For more information about getting started with MemoryDB Multi-Region, refer to Amazon MemoryDB Multi-Region is now generally available.
In this post, we cover the benefits of MemoryDB Multi-Region, how it works, its disaster recovery capabilities, the consistency and conflict resolution mechanisms, and how to monitor replication lag across Regions.
Benefits of MemoryDB Multi-Region
MemoryDB Multi-Region provides the following benefits to customers:
- High availability and disaster recovery – With MemoryDB Multi-Region, you can build applications with up to 99.999% availability. You will have your full stack application deployed in multiple Regions. The application users connect to the closest Region of your application for optimal latency. In case of a Regional isolation or degradation, the application user can connect to the application stack deployed in another Region with full read and write access to the data powered by MemoryDB Multi-Region, without a complex manual database failover process. After the impacted Region recovers, the application user reconnects to the original Region, where data has been automatically synced back from the other Regions.
- Microsecond read and single-digit millisecond write latency for multi-Region distributed applications – MemoryDB Multi-Region offers active-active replication, so you can serve both reads and writes locally from the Regions closest to your customers with microsecond read and single-digit millisecond write latency at any scale. It automatically replicates data asynchronously between Regions with data typically propagated in less than 1 second.
- Adherence to compliance and regulatory requirements where data needs to reside in a specific geography – There are compliance and regulatory requirements under which data needs to be within a geographic location. MemoryDB Multi-Region can help you meet these requirements because it allows you to choose which Region you want your data to reside.
MemoryDB Multi-Region overview
MemoryDB stores the entire dataset in memory and uses a distributed Multi-AZ transactional log to provide data durability, consistency, and recoverability. A Multi-Region cluster is a collection of one or more Regional MemoryDB clusters. Each MemoryDB Regional cluster stores the same set of data in a single Region. In a single-Region cluster, MemoryDB provides strong data consistency for primary nodes and guaranteed eventual consistency for replica nodes. In a Multi-Region cluster, MemoryDB uses eventual consistency across Regions.

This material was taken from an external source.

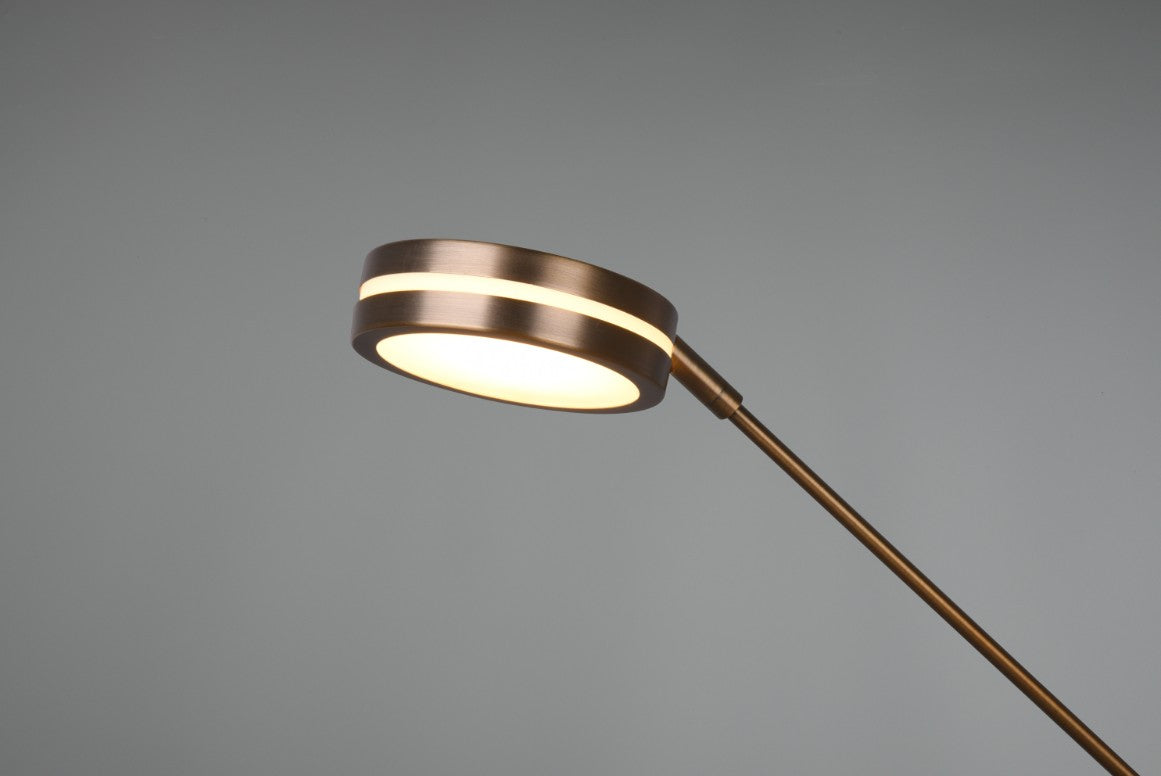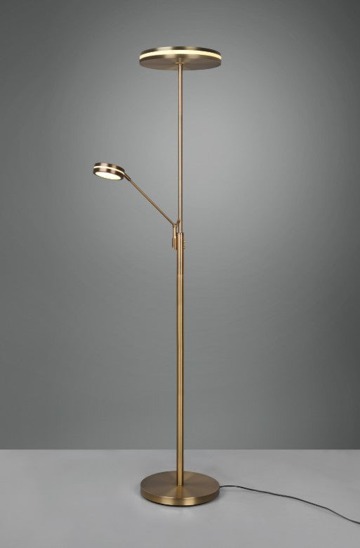 Prático, funcional e com estilo! O candeeiro FRANKLIN impressiona pelo seu aspeto moderno e futurista. Colocado ao lado do sofá ou no corredor, o candeeiro de pé cria um ambiente de iluminação agradável graças a um sensor de regulação que pode ser utilizado para regular continuamente a luminosidade e a cor da luz. Dois interruptores separados permitem que a fonte de luz principal e o braço de leitura sejam utilizados separadamente. A função de memória integrada adicional repõe automaticamente o último cenário de luz definido. Graças ao design clássico da cor em latão antigo, o candeeiro pode ser combinado com muitos estilos de mobiliário.

When an application writes data to any Regional cluster, MemoryDB automatically and asynchronously replicates that data to all the other Regional clusters within the Multi-Region cluster. Writes are durably stored in a local multi-AZ transactional log before write ACK is sent back to client.
MemoryDB Multi-Region is built on a highly resilient replication infrastructure. To replicate data, each MemoryDB Regional cluster pulls the replication logs from the Multi-AZ transaction log of every other Regional cluster through the AWS cross-Region network. In addition, the replication logs pulled from other Regions are stored in a local Regional Multi-AZ transaction log. This allows Region-independent recovery, achieving 99.999% availability with MemoryDB Multi-Region. You can add Regional clusters to the Multi-Region cluster so that it can be available in additional Regions. You can expand your Multi-Region cluster to up to five Regions.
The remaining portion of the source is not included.